We track two reliability-oriented outcomes here:

  • whether the system retrieves relevant evidence

  • whether it abstains on unsupported questions instead of pretending to know

def recall_at_k(retrieved_doc_ids, relevant_doc_ids, k=3):
    if not relevant_doc_ids:
        return 1.0
    hits = sum(1 for doc_id in retrieved_doc_ids[:k] if doc_id in relevant_doc_ids)
    return hits / max(1, len(relevant_doc_ids))

rows = []
for item in benchmark:
    baseline = baseline_answer(item["question"])
    corrective = corrective_answer(item["question"])
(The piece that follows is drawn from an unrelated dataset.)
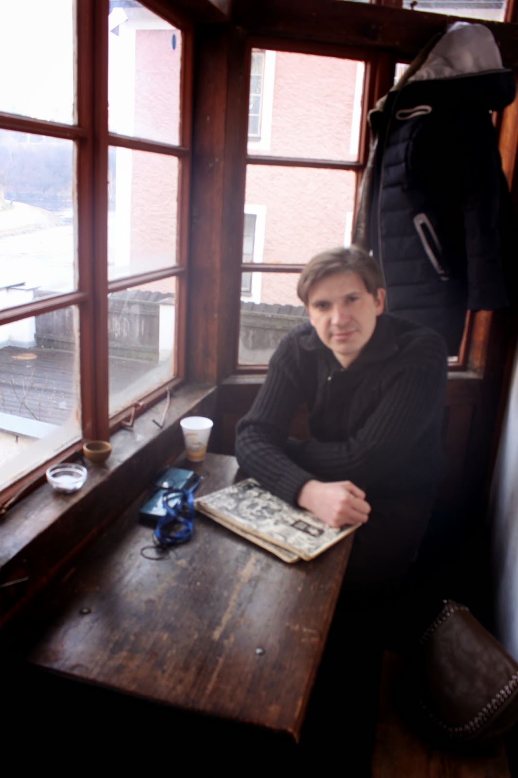А это мы зашли с Сережкой в кафе "У двух Марий" - такое уютное, старинное с скрипящими лестницами (все как я люблю) и ели очень вкусную национальную еду. Нам досталось очень красивое "козырное" место с видом на замок и я была просто счастлива, ощущая себя частью истории.

    for name, result in [("baseline", baseline), ("corrective", corrective)]:
        abstain_success = 1 if (item["allow_abstain"] and result["status"] == "abstain") else 0
        rows.append(
            {
                "question": item["question"],
                "category": item["category"],
                "variant": name,
                "retrieved": result["retrieved"],
                "status": result["status"],
                "score": round(result["score"], 3),
                "recall@3": round(recall_at_k(result["retrieved"], item["relevant_docs"], k=3), 3),
                "abstain_success": abstain_success,
            }
        )

evaluation_df = pd.DataFrame(rows)
evaluation_df
question category variant retrieved status score recall@3 abstain_success
0 How should a RAG system behave when evidence i... reliability baseline [doc_abstain_policy, doc_retrieval_grading, do... answer 0.690 1.0 0
1 How should a RAG system behave when evidence i... reliability corrective [doc_abstain_policy, doc_retrieval_grading, do... answer 0.690 1.0 0
2 How can I improve an underspecified retrieval ... query_fix baseline [doc_hyde, doc_query_rewrite, doc_retrieval_gr... answer 0.292 1.0 0
3 How can I improve an underspecified retrieval ... query_fix corrective [doc_hyde, doc_query_rewrite, doc_retrieval_gr... answer 0.292 1.0 0
4 Who won the 2026 cricket world cup? unsupported baseline [doc_abstain_policy, doc_query_rewrite, doc_hyde] answer 0.000 1.0 0
5 Who won the 2026 cricket world cup? unsupported corrective [doc_abstain_policy, doc_query_rewrite, doc_hyde] abstain 0.000 1.0 1
summary_df = (
    evaluation_df.groupby("variant")[["recall@3", "abstain_success", "score"]]
    .mean()
    .sort_values(by=["abstain_success", "recall@3", "score"], ascending=False)
)
summary_df
recall@3 abstain_success score
variant
corrective 1.0 0.333333 0.327333
baseline 1.0 0.000000 0.327333

4. What This Notebook TeachesΒΆ

A corrective loop is useful when the problem is not just ranking, but whether the system should answer at all.

The main lesson is simple:

  • retrieve first

  • grade evidence quality

  • retry when retrieval is weak

  • abstain when evidence is still not trustworthy

That is often a better reliability upgrade than adding more generation complexity.